I pull the laptop in front of me and frown. “Do you have a VPN?”

She shakes her head. “What’s that?”

“It stands for virtual private network. It basically encrypts your data, making it harder to track your digital footprint. Instead of entering websites head on and announcing your IP address at the front door, a VPN scoots you in through the back. I’d set you up, but I don’t exactly have a method of payment.”

She nibbles her lip and looks at a stack of envelopes on the table beside the door. “You think something in this footage will be the answer to both of our problems, right?”

I nod.

With a sigh, she goes to her bedroom and returns with a card in her hand. She holds it toward me. “Fucking charge it.”

I pluck the card from her fingers and set to work. Within a few minutes, I’ve set up a secure connection and logged in to my secure accounts. I start by pulling the saved videos from the vault. If I want Briar on board with my plan, she needs to be made aware of a few things.

“There’s something I want you to see.” I turn the laptop so that the screen fully faces her. “When you’re ready, hit play, but make sure you’re ready. This isn’t easy to watch.”

Briar’s eyebrows pull together, but she leans forward and hits play. I turn my head. The video was difficult to watch the first time, and the second time was torture, but I had to make sure I hadn’t imagined what the camera captured. I don’t need to see it a third time.

The sounds are enough to turn my stomach. A door creaks open in the video, and footsteps thump on expensive flooring. “ Is that fucking crayon on my wall, Doris? What did you do, you sorry little shit ?” a female voice slurs.

It’s Gloria, and she’s drunk. Doris is her adopted four-year-old daughter, and what Gloria thinks is crayon is actually a scuff from the movers mounting a picture in the hall. It took me all of three minutes to figure that out by going back just a few hours in the footage, but Mommy Dearest doesn’t care where the mark came from. She’s angry, and a four-year-old is a very easy target.

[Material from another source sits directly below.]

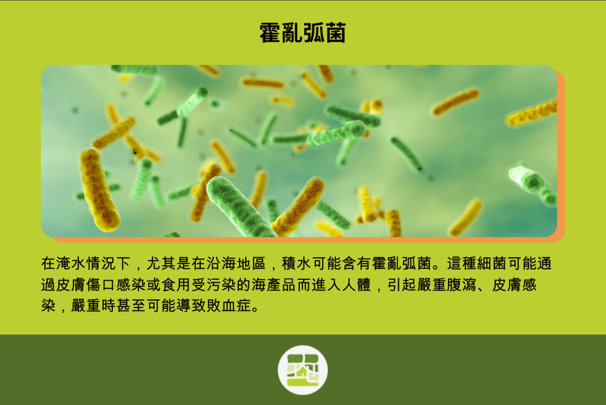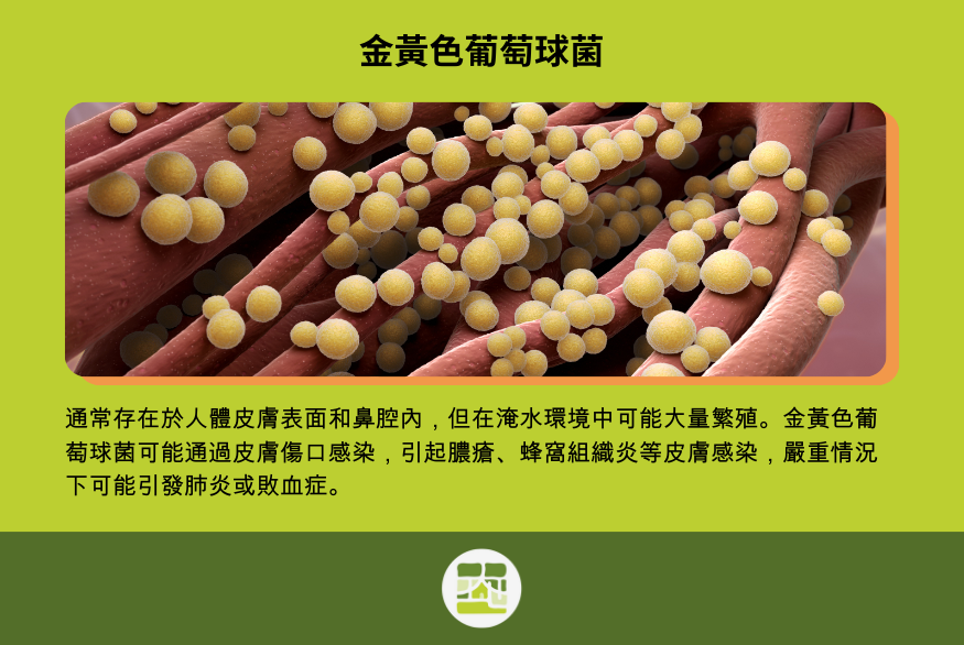 在淹水情況下,尤其是在沿海地區,積水可能含有霍亂弧菌。這種細菌可能通過皮膚傷口感染或食用受污染的海產品而進入人體,引起嚴重腹瀉、皮膚感染,嚴重時甚至可能導致敗血症。 - 金黃色葡萄球菌(Staphylococcus aureus)

Briar slams the laptop shut after the first crack of the belt, and I don’t blame her. This wasn’t just a spanking. This was a full-on physical assault on a small child.

“I’m going to be sick,” she says before rushing out of the room.

The reaction doesn’t surprise me. I felt the same each time I watched that clip. The worst part? That video isn’t the only proof of her depravity, and the little girl wasn’t the only recipient of her unbridled rage.

The younger child, a mere infant, regularly screamed in his crib for hours. She probably wised up once the doctors started asking questions about the incessant rashes the baby developed from sitting in his own excrement for hours on end.

The dog she adopted from the shelter—an act which garnered a ton of publicity for the bank—met the most horrific fate of all. I won’t go into the details, but let’s just say that no living being can survive without food and water.

My original plan wasn’t murder. When I cracked into her cameras, I had every intention of finding the skeletons in her closet and taking her down. I sent the videos of the abuse to news outlets, police departments, and anyone else with a listed address. No one responded, and it was swept under the rug.

That’s what finally pushed me over the edge.

She took my wife and child from me. She took my home. There is no telling how many other lives she ruined. But when I outed her for the abuse of her children and the dog, nothing was done, so I had to do the right thing. When no one else cares, someone has to.

So I did.

Briar comes back into the room with a glass of water. She takes a sip, then sits beside me on the couch. “Sorry. That was more than I anticipated.”

“It’s understandable. I’d be more concerned if it didn’t make you sick.”

“No worries there.” She holds the glass to her forehead and looks at the laptop. “I don’t have to watch any more videos, do I? I can’t handle seeing kids like that.”

“We have more to see, but no more videos like that. Have a seat, and I’ll lay out my plan.”